Using the listing below, print the line containing "That Colour actually", the line containing "1萬1多紅寶石+86隻的惡魔怪,還有精鍛石79顆,讓您自行運用。", and each line between them, exactly and nothing else. Pictures stay out of the print.

---- DATASET CONTENT

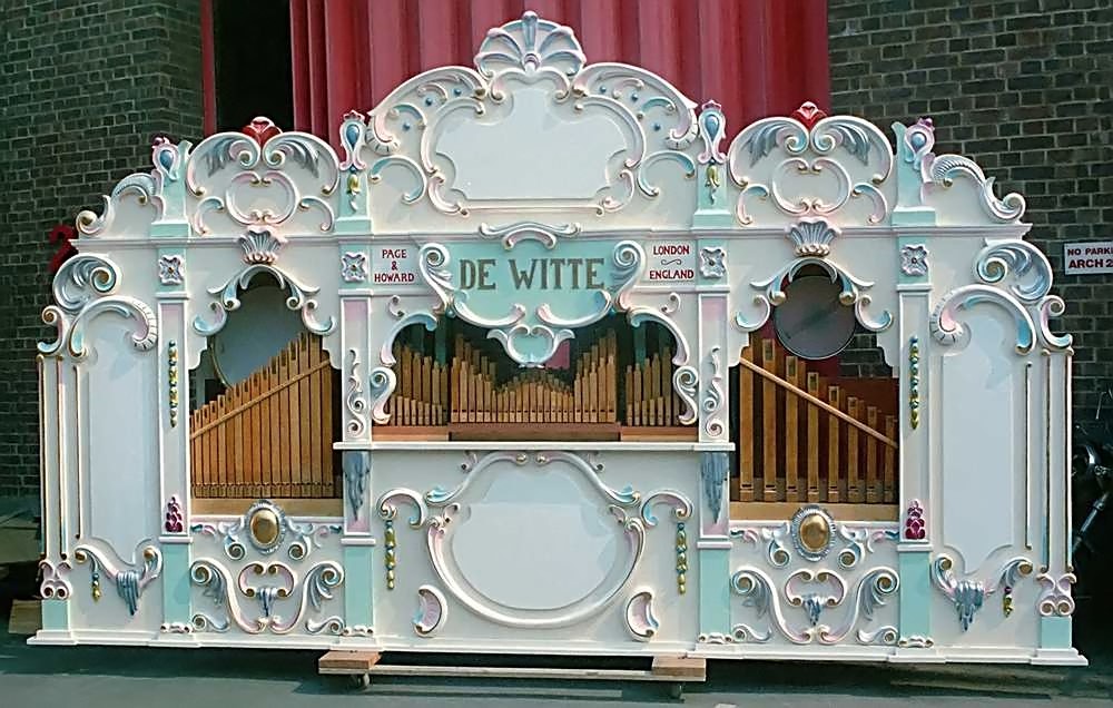 In 2017 I caught up with De Witte at a rally on the shores of Lake Ontario at Olcott Beach. The present custodian is John Ravert, who has added two extra ranks of bass pipes as fitting the organ into a trailer restricted the original bass sound. He has also added an impressive array of percussion, utilising some of the unused keys. (These are still indicated as "not used" in the registers list.) He has also added a MIDI player to the organ, which allows him not only to play files supplied online, but can select music to play remotely while lounging several metres away. I hasten to add that it can still be played from the original keyframe, but not now hand-turned because of the need for more wind.
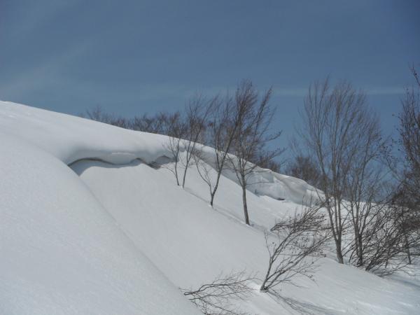 - 北東斜面にてサイズ2程度の面発生雪崩が発生している注意すべきコンディション。
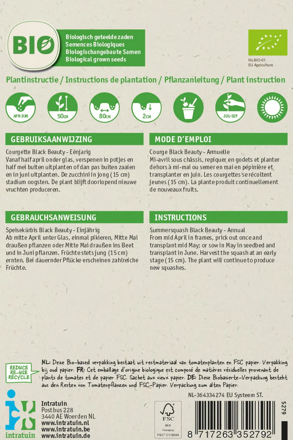 Zucchini ‚Black Beauty‘ bekommt dunkelgrüne Früchte mit einem tollen Geschmack. Du kannst sie Mitte April im Gewächshaus aussäen, in Töpfe vereinzeln und Mitte Mai nach draußen verpflanzen. Du kannst sie auch Mitte Mai im Freien in gut gedüngte Erde säen und im Juni an einem geschützten Ort auspflanzen. Die Früchte werden am besten in einem jungen Stadium geerntet, wenn sie 15-20 cm lang sind. Die Pflanze produziert dann noch eine ganze Zeit lang neue Früchte. Die Pflanzen mögen einen warmen, sonnigen Platz. Der Anbau unter Glas kann von Mitte Mai bis September geerntet werden, der Anbau im Freien von Juli bis Oktober.
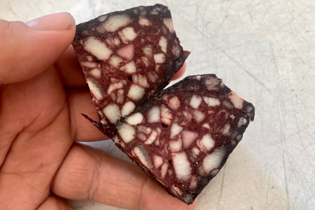 That Colour actually comes from the main Ingredient of the Sausage we call Schwarzwurst. It is also known as Rotwurst in other Areas.
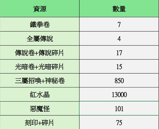 1萬1多紅寶石+86隻的惡魔怪,還有精鍛石79顆,讓您自行運用。
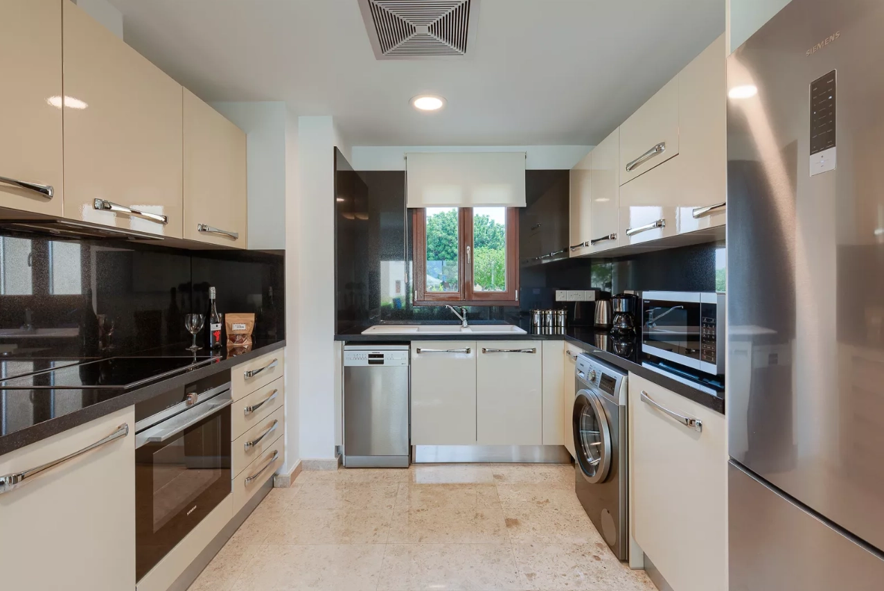 This ground floor Apartment offers spacious living areas and comes fully equipped with modern amenities, brand new fixtures and a luxury finish to match. The Apartment features one double bedroom and two twin (zip & lock) bedrooms and enjoys views of the communal pool. The option to turn the twin bedrooms into double rooms is available as the beds have the facility to be zipped together to create a double bed.
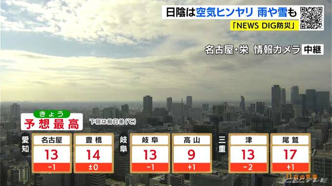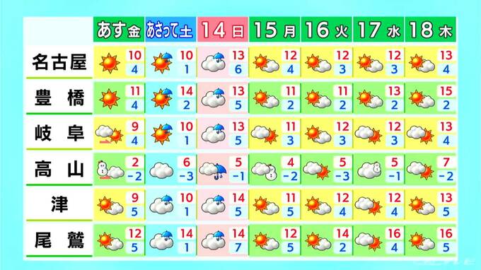 最高気温は名古屋や岐阜、津で13℃、高山で9℃くらいになるでしょう。風は穏やかですが、日陰では日中も空気がヒンヤリとしそうです。

--------

■ ANSWER BOX:
 That Colour actually comes from the main Ingredient of the Sausage we call Schwarzwurst. It is also known as Rotwurst in other Areas.
 1萬1多紅寶石+86隻的惡魔怪,還有精鍛石79顆,讓您自行運用。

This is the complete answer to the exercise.